◆ WHAT YOU NEED TO DO: Would you write out the listing verbatim and skip every picture in it?

◆ MATERIAL PROVIDED:
==================================================

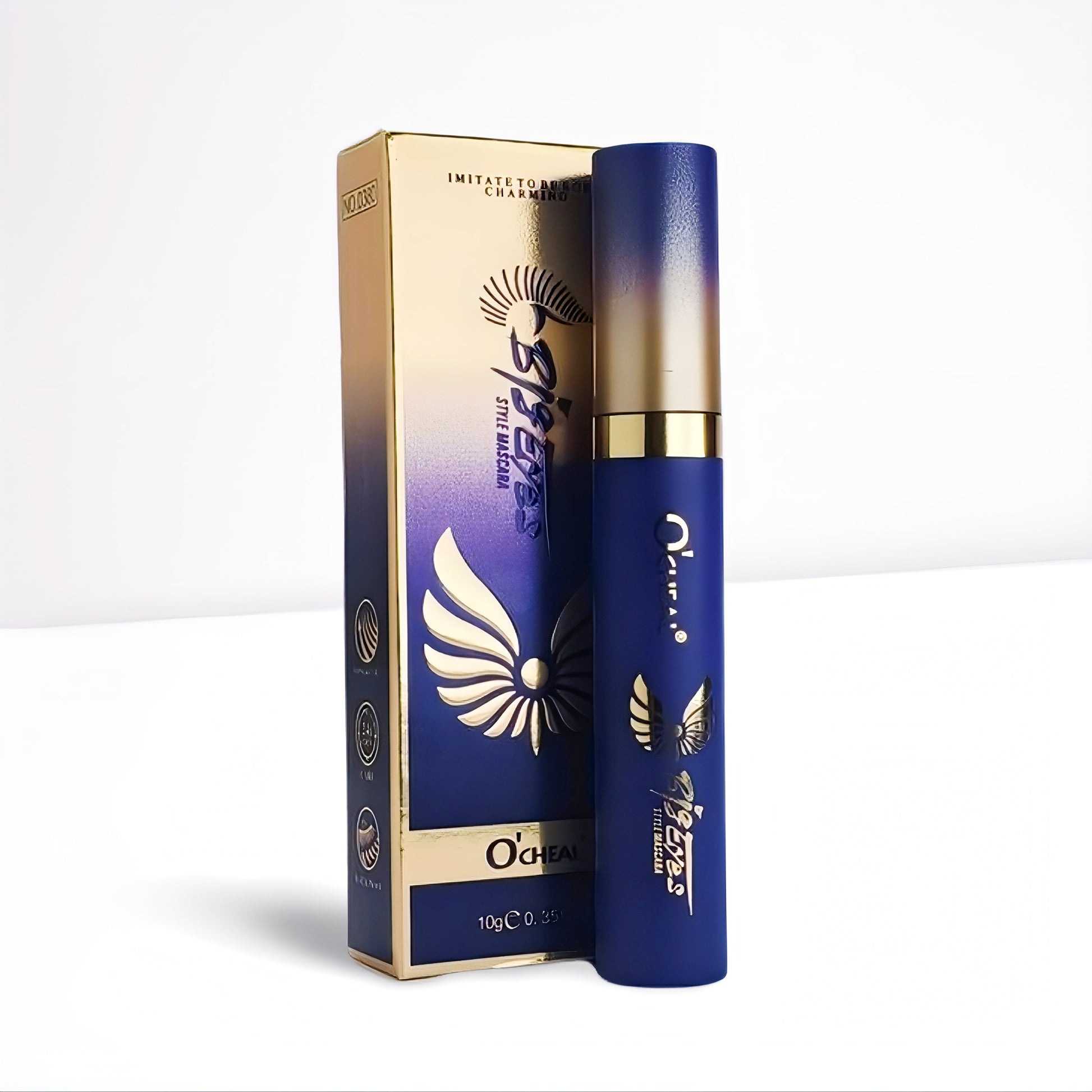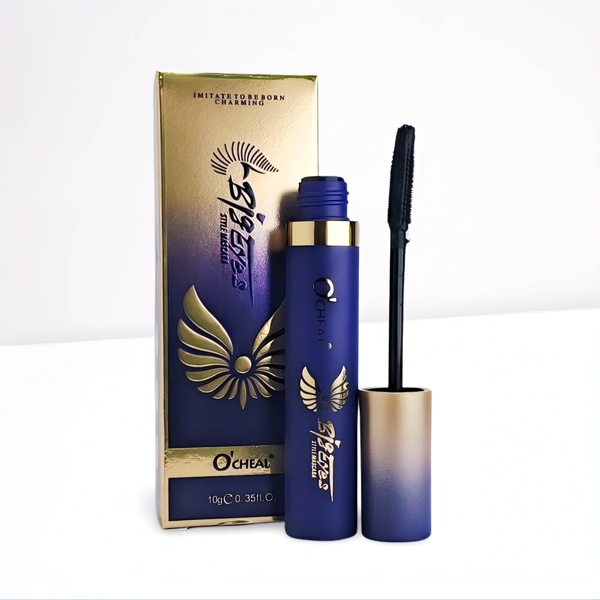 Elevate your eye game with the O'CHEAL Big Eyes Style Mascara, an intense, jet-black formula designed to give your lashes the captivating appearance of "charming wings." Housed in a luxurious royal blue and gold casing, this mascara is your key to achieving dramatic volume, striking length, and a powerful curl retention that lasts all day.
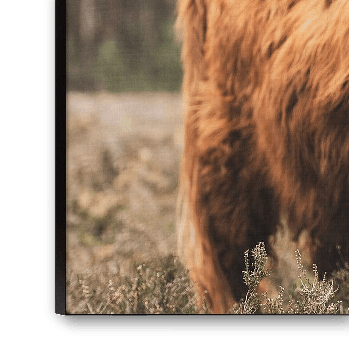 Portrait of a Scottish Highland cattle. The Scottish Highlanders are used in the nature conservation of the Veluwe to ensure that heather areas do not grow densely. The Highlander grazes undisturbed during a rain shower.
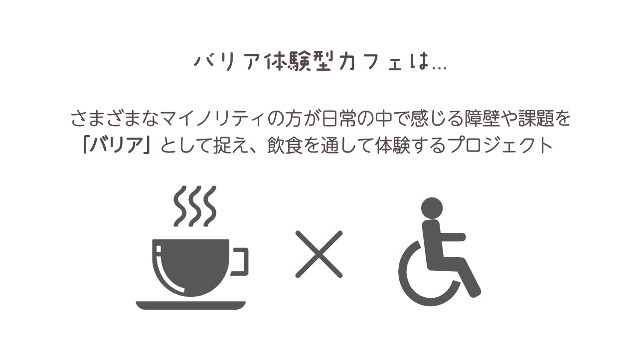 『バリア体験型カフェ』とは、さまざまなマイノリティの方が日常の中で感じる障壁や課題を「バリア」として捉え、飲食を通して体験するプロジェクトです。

==================================================

◆ EXERCISE SOLUTION:
 Elevate your eye game with the O'CHEAL Big Eyes Style Mascara, an intense, jet-black formula designed to give your lashes the captivating appearance of "charming wings." Housed in a luxurious royal blue and gold casing, this mascara is your key to achieving dramatic volume, striking length, and a powerful curl retention that lasts all day.
 Portrait of a Scottish Highland cattle. The Scottish Highlanders are used in the nature conservation of the Veluwe to ensure that heather areas do not grow densely. The Highlander grazes undisturbed during a rain shower.
 『バリア体験型カフェ』とは、さまざまなマイノリティの方が日常の中で感じる障壁や課題を「バリア」として捉え、飲食を通して体験するプロジェクトです。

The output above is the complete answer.